LOL... cause that panel was previously mounted on this trunk..


----------



## Ol' Yeller (Mar 4, 2010)

lol. I remember hauling those trunks around while taking another pos down to nick williams...


----------



## CullmanR452 (Jan 14, 2010)

cain5.7 said:


> like :cool.... where did u pick that up at?





jpalamar said:


> Looks good. Guessing that a PBM insert?


i actually found a guy parting out his car that hit a tree on craigslist. paid like 100$ for the whole deck lid minus the spoiler.

it was cgm when i got it and i used flat balck krylon I had planned on getting it professionally painted but it came out so perfect with the rattle can its still on there now


----------



## 8mydust05 (Aug 29, 2011)

I have seen a Yellow Jacket here in town that had a similar setup and it looked GREAT.


----------



## Falco21 (May 11, 2010)

Racoon Mod. 

To each his own.


----------



## cpr (Aug 3, 2006)

*Great look, more vintage muscle look!!*

Well i like that look as my GTO has


----------



## 87GN06GTO07IRL (Aug 10, 2009)

^^^I like what yours has under the hood!


----------



## Falco21 (May 11, 2010)

What are those 2 circles in the rear?


----------



## ZEIKE524 (Dec 28, 2010)

^Yeah is it dumped and thats just a cop deterent fake looking tips?


----------



## HP11 (Apr 11, 2009)

Falco21 said:


> What are those 2 circles in the rear?





ZEIKE524 said:


> ^Yeah is it dumped and thats just a cop deterent fake looking tips?

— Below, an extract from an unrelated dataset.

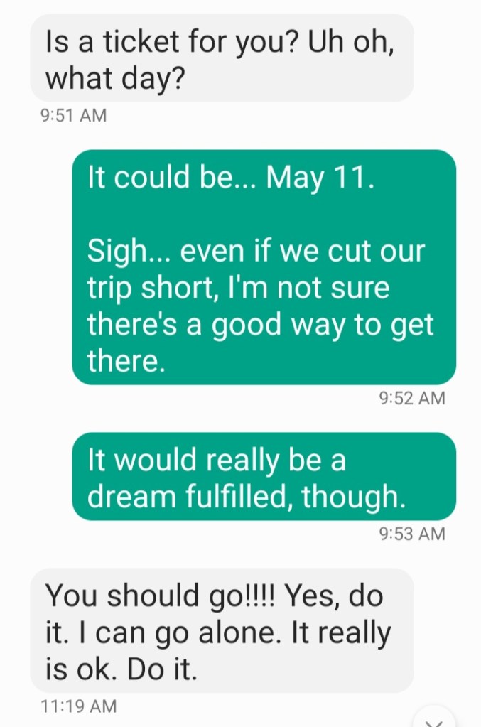 At this point, my heart was already overwhelmed. My immediate thought about receiving this much goodness all at once was to wonder if I had done enough to deserve it. Could this really be happening? One dear friend had offered me a gift, and another dear friend offered me forgiveness, encouragement, and support. Meanwhile, as I began to figure out how to get there, a third dear friend arrived to make it happen. She is a flight attendant who just so happened to be flying to Denver two days before the big event (only 12 days away, at this point). She booked my flights and would hold my hand (figuratively) there and back again.
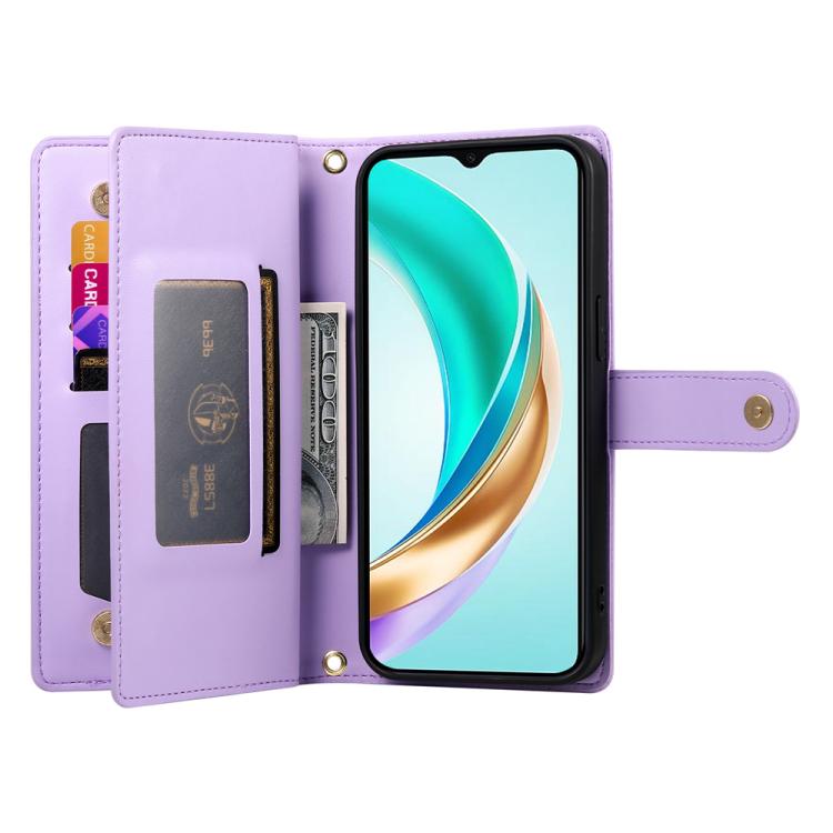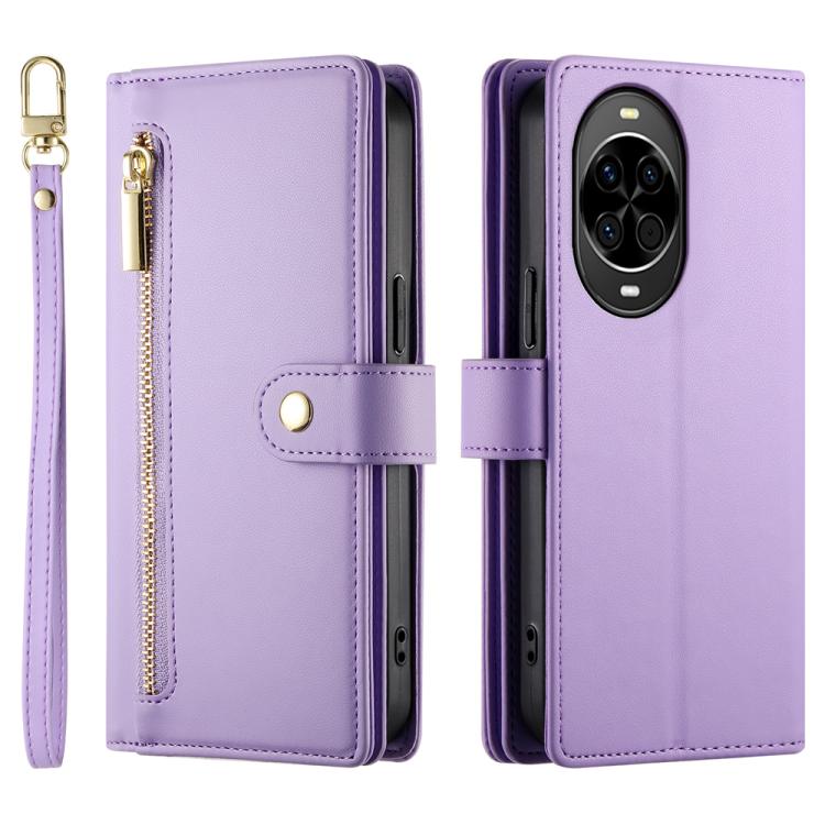 Funda de cuero con cremallera y ranuras para tarjetas para Huawei Nova 14 (morado)

Those look like SuperTrapp exhaust tips. They're adjustable for sound and the manufacturer also claims that they are also tuneable powerwise by adding or removing stainless plates.


----------



## Falco21 (May 11, 2010)

That looks terrible lol 

Just being honest


----------



## OmikronPhi (Jul 24, 2009)

I've seen the insert with the lights on it (VX Commodore/Calais Garnish panel)...I've only seen in on a Torrid Red 04 but it looked really good...been trying to find out how to get a decent one to the states


----------